Orthogonal Quadratic Complements for Vision Transformer Feed-Forward Networks

arXiv cs.CV / 4/14/2026

💬 OpinionSignals & Early TrendsIdeas & Deep AnalysisModels & Research

Key Points

  • The paper proposes Orthogonal Quadratic Complements (OQC), a new feed-forward design for Vision Transformers that adds a low-rank quadratic auxiliary branch while explicitly projecting it onto the orthogonal complement of the main branch to avoid redundant information.
  • It studies efficient variants including OQC-LR (low-rank realization) and gated extensions (OQC-static and OQC-dynamic), aiming to separate the benefits of stronger second-order interactions from redundancy/increased capacity.
  • On a parameter-matched Deep-ViT and CIFAR-100 setup, full OQC improves an AFBO baseline from 64.25±0.22 to 65.59±0.22, while OQC-LR attains 65.52±0.25 with a better speed–accuracy tradeoff.
  • On TinyImageNet, the gated OQC-dynamic variant reaches 51.88±0.32, outperforming the baseline (50.45±0.21) by 1.43 points and beating ungated alternatives.
  • Mechanistic analysis indicates near-zero overlap between post-projection auxiliary and main representations, alongside improved representation geometry and class separation, with consistent generalization across both datasets.

Abstract

Recent bilinear feed-forward replacements for vision transformers can substantially improve accuracy, but they often conflate two effects: stronger second-order interactions and increased redundancy relative to the main branch. We study a complementary design principle in which auxiliary quadratic features contribute only information not already captured by the dominant hidden representation. To this end, we propose Orthogonal Quadratic Complements (OQC), which construct a low-rank quadratic auxiliary branch and explicitly project it onto the orthogonal complement of the main branch before injection.
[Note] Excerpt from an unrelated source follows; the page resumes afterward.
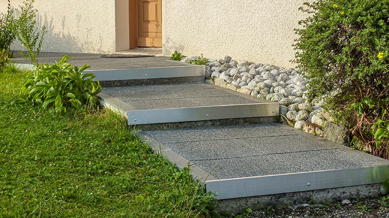 Kiesgitter zur Bodenbefestigung - Randsteine, Palisaden oder Blockstufen zur Gartengestaltung

We further study an efficient low-rank realization (OQC-LR) and gated extensions (OQC-static and OQC-dynamic). Under a parameter-matched Deep-ViT and CIFAR-100 protocol with a fixed penultimate residual readout, full OQC improves an AFBO baseline from 64.25 +/- 0.22 to 65.59 +/- 0.22, while OQC-LR reaches 65.52 +/- 0.25 with a substantially better speed-accuracy tradeoff. On TinyImageNet, the gated extension OQC-dynamic achieves 51.88 +/- 0.32, improving the baseline (50.45 +/- 0.21) by 1.43 points and outperforming all ungated variants. Mechanism analyses show near-zero post-projection auxiliary-main overlap together with improved representation geometry and class separation. The full family, including both ungated and gated variants, generalizes consistently across both datasets.